Kwoon is the musical project of a mysterious French musician, producer and composer, only known as Sandy. With his full-length debut, 2006’s Tales & Dreams, Sandy quickly established his project’s sound and aesthetic — a dreamy take on post-rock and prog rock, that seemed inspired by Sigur Ros, Explosions in the Sky, and Pink Floyd.
Sandy followed that up with two more albums — 2009’s When the flowers were singing and 2011’s The Guillotine Show, which was released through Fin de Siécle.
Now, if you’ve been frequenting this site over the course of last year, you may recall that Sandy released a series of live performances filmed in some mesmerizing locations including a cliff on the island of Lanzarote, the Tévennec Lighthouse, on the stormy Breton sea, where he performed an early version of his latest single “King of Sea,” and Quiberon Airport, in Quiberon, France for the slow-burning and shoegazey “Stratofear.”
Kwoon’s latest single “King of Sea” continues a run of slow-burning and gorgeously, cinematic material.

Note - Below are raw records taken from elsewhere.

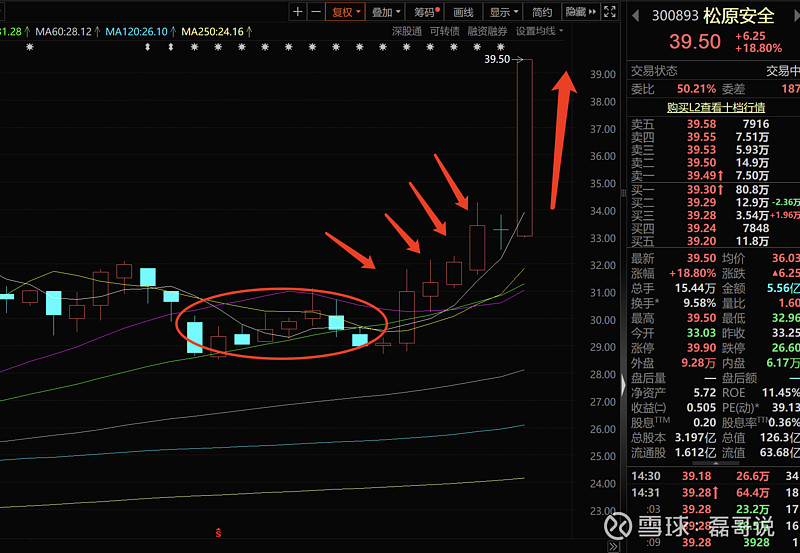 这个图形是真漂亮,理想中的走势,横盘,小突破,不断小突破后,来了一波大突破,基本小突破的那几天都可以视作买点,就是要等几天才行,提前跟踪到了,买入的机会很大,如果是今天突破才跟踪到,不一定有勇气会买,持续跟踪的买点,跟刚跟踪的买点是完全不一样的,决策的时候考虑到的东西也完全不一样,就好比,你一直看好某一样东西,从5块涨到6块涨到7块,你可能会毫不犹豫的买,但是如果涨到10块20块,就真不一定会买。$上证指数(SH000001)$ $松原安全(SZ300893)$
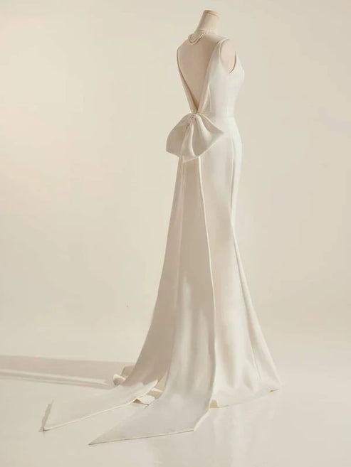 Regular price $358.90 USDRegular priceUnit price / per$438.90 USDSale price $358.90 USDSaleSimple Sleeveless Mermaid Wedding Dress With Sexy Bow Floor Length White
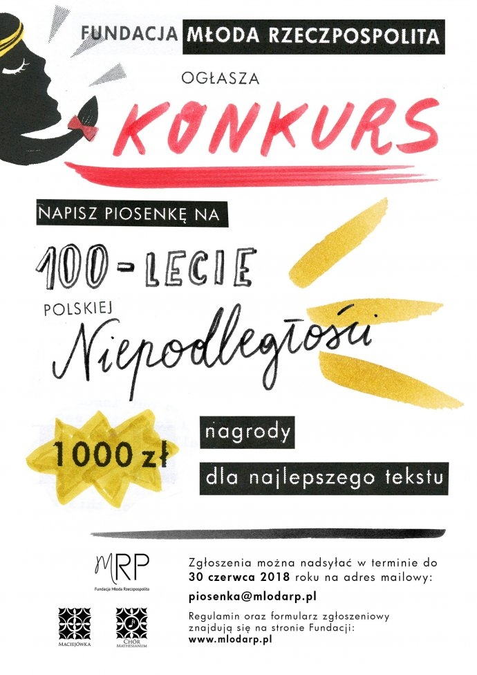 Fundacja Młoda Rzeczpospolita ogłasza konkurs na autorski tekst piosenki patriotycznej w ramach 100. rocznicy odzyskania przez Polskę Niepodległości.

Featuring an orchestral arrangement consisting of twinkling and looping piano, dramatic drumming and percussion, soaring backing vocals and textured layers of guitars drenched in delay and reverb pedal paired with Sandy’s David Gilmour-like vocals, “King of the Sea” sounds as though it could be drawing from The Wall-era Pink Floyd (think of “The Trial”) or A Momentary Lapse of Reason-era Pink Floyd.
Written while staying in the Tévennec Lighthouse in Finistere, France on the Breton Sea, the song is inspired by the lighthouse, which has a lengthy and terrifying reputation among sailors for strange and terrible phenomena that have happened around the site. In fact, many sailors have referred to the lighthouse and island as “the gateway to hell.”
Directed by Stéphane Berla, the hauntingly gorgeous, stop-motion animated visual for “King of the Sea” is set in Brittany in the 1800s and follows the life of a Breton sailor, who leaves his young family and drowns in the stormy sea. Once drowned, the man comes across strange, otherworldly phenomena.